Coinbase CEO Says Trump Administration May ‘Rush Out’ Crypto Wallet Rules

Coinbase CEO says Trump Administration may ‘rush out’ crypto wallet rules. On Wednesday night, Coinbase CEO, Brian Armstrong took Twitter to blow up the U.S. Treasury Department’s alleged plans to try to monitor owners of self-hosted cryptocurrency wallets with a cumbersome set of data collection criteria.

If the rumours are to be believed, outgoing Treasury Secretary Steven Mnuchin is preparing to tamp down on one of the fundamental tenets of the cryptocurrency ethos: the ability of the individual to hold their crypto (unmolested) themselves.

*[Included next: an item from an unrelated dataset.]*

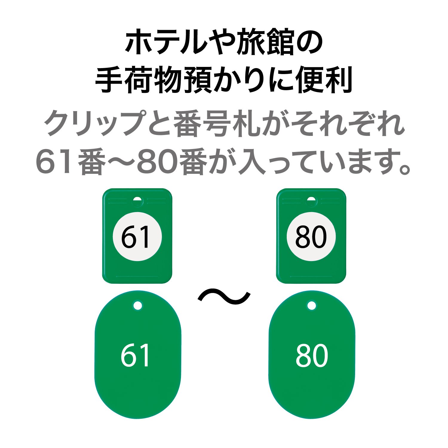 【本体サイズ】W33×D46×H27mm(クリップ) W40×D60×H2.7mm(番号札) 【材質】ABS(クリップ) 再生PS(番号札) 【内容】20組セット 61~80番 【生産国】日本

“This proposed regulation would, we think, require financial institutions like Coinbase to verify the recipient/owner of the self-hosted wallet, collecting identifying information on that party, before a withdrawal could be sent to that self-hosted wallet,” Armstrong tweeted.

If valid, the legislation will reflect a broadside to the U.S. cryptocurrency industry as few have ever been levied by the federal government. It will force companies to know every counterparty about their users’ crypto transactions, keeping logs, monitor movements, and verify identities even before the transfer could take place.

It would also bring to pass the worst-case scenario envisioned by industry players when the Financial Action Task Force (FATF), an intergovernmental body, told its member countries to apply the so-called travel rule to crypto businesses last year. This long-standing rule requires financial institutions to collect information about the sender and receiver of a money transfer. But it was ambiguous what that would mean when someone sends bitcoin (BTC, +0.29%) from, say, their Coinbase account to an address controlled by a private key on a sheet of paper kept in a sock drawer.

It would not just affect those who store their coins on a hardware device like Trezor or Ledger. Many crypto services use non-custodial wallets, decentralized finance (DeFi) smart contracts, software wallets, paper storage. All would need to prove their provenance to transact with regulated entities under the rumored rule.

Such a sweeping interpretation of FATF guidance has already been applied in Switzerland and the Netherlands. There, virtual asset service providers (VASPs) must prove the ownership of non-custodial crypto wallets ahead of transfer.

Armstrong said Wednesday that such a regulation “would be a terrible legacy and have long-standing negative impacts for the U.S.” 

“This additional friction would kill many of the emerging use cases for crypto. Crypto is not just money – it is digitizing every type of asset,” he added.

To date, the regulation of decentralised cryptocurrency networks has mostly been restricted to on/off ramps between networks and the conventional finance structure, according to Jacob Farber, a partner in blockchain law and consultancy firm Ouroboros LLP. This state of affairs left the industry “mostly unregulated” and private, so that it was able to offer a real alternative to conventional finance, Farber said.

“Imposing a KYC [know-your-customer] requirement on transactions between on/off ramps and every wallet that transacts with them expands the reach of regulation over crypto exponentially,” Farber added. “More importantly, it changes what crypto can be, at least at scale.”

He called Armstrong’s concerns justified and said these potential regulations should be taken seriously by the cryptocurrency community.